5. Poor management style in government. This for me is probably the most convincing part of the explanation. This government seems to favour a management system whereby individual ministers understand their brief to be about representing specific interests which they lobby for. The Prime Minister understands his job as an arbiter between these competing interests. Sunak lobbies for the Treasury, Hancock for the Department of Health, Williamson for his education priorities as they understand these. This is a uniquely bad way of running things in a situation where there are significant feedback loops and effective policy making relies on understanding the dynamics of a system of moving parts. The Treasury has come to understand (or feels it has to understand) its position as in conflict with covid restrictions, even though they are not. Williamson feels he has to lobby for schools to stay open, come what may, even though nowhere in the job brief for the Minister of Education did it say that better educational outcomes should come at the expense of large amounts of death. Still, this explanation does require a little bit of explanation 1. or perhaps something similar, as you'd expect that intelligent ministers would realise the interdependence of their departments and the mutual benefit of just going for maximum viral suppression. At the very least, competent leadership from the Prime Minister would enforce this view. Which brings us on to point 6.
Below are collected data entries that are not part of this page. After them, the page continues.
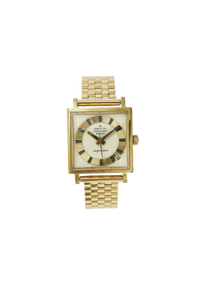 なんとも個性的な文字盤とスクエアケースがマッチしたゼニスの自動巻モデルは1960年代。文字盤には回転数である28800の表記が入る。29万7000円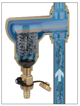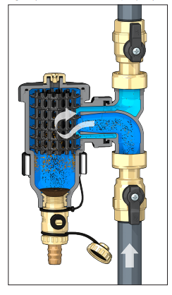 Zasada działania separatora zanieczyszczeń opiera się na połączeniu wielu zjawisk fizycznych. Wewnętrzny element (1) składa się z szeregu siatkowych powierzchni. Zanieczyszczenia zderzając się z powierzchnią elementu wewnętrznego są separowane z wody i opadają do dolnej części korpusu (2), gdzie są gromadzone. Zanieczyszczenia ferromagnetyczne wychwytywane są za pomocą silnego pola magnetycznego wytwarzanego przez magnesy umieszczone w specjalnym zewnętrznym pierścieniu (3). Duża objętość wewnętrzna urządzenia powoduje zmniejszenie prędkości przepływającej wody, co wspomaga separację zanieczyszczeń. Usuwanie zgromadzonych zanieczyszczeń można przeprowadzić przy normalnej pracy instalacji, w tym celu należy otworzyć zawór (4) znajdujący się w dolnej części urządzenia.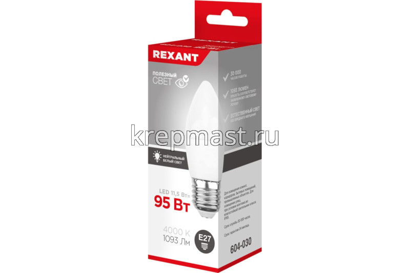 Лампа свеча 11,5Вт Е27 4000K в интернет-магазине «Мастер Крепежа» по цене 153 руб. Более 12 наименований товаров в наличии в категории Лампы светодиод. СВЕЧА. Купить лампа свеча 11,5вт е27 4000k в Лаишево выгодно Вы можете on-line на нашем сайте, или отправив заявку по почте, а также по телефону или в пункте выдачи компании г. Казань, ул. Татарстан, 9, магазин "Мастер Крепежа". Доставка по Республике Татарстан и другие регионы РФ.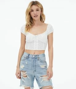 Aeropostale Women’s Eyelet Lace-Front Crop Top

6. Incompetent and weak leadership. Lockdowns may be necessary, but in the short term, they do have significant costs associated with them. These are hard decisions to make, particularly if you aren't that comfortable with thinking about mathematical and scientific models. Even if there is no gain from delay, incompetent and weak governments may simply put off decisions until they are out of options, as they are so put off by the short term costs that they end up just paying much higher costs when they are forced to.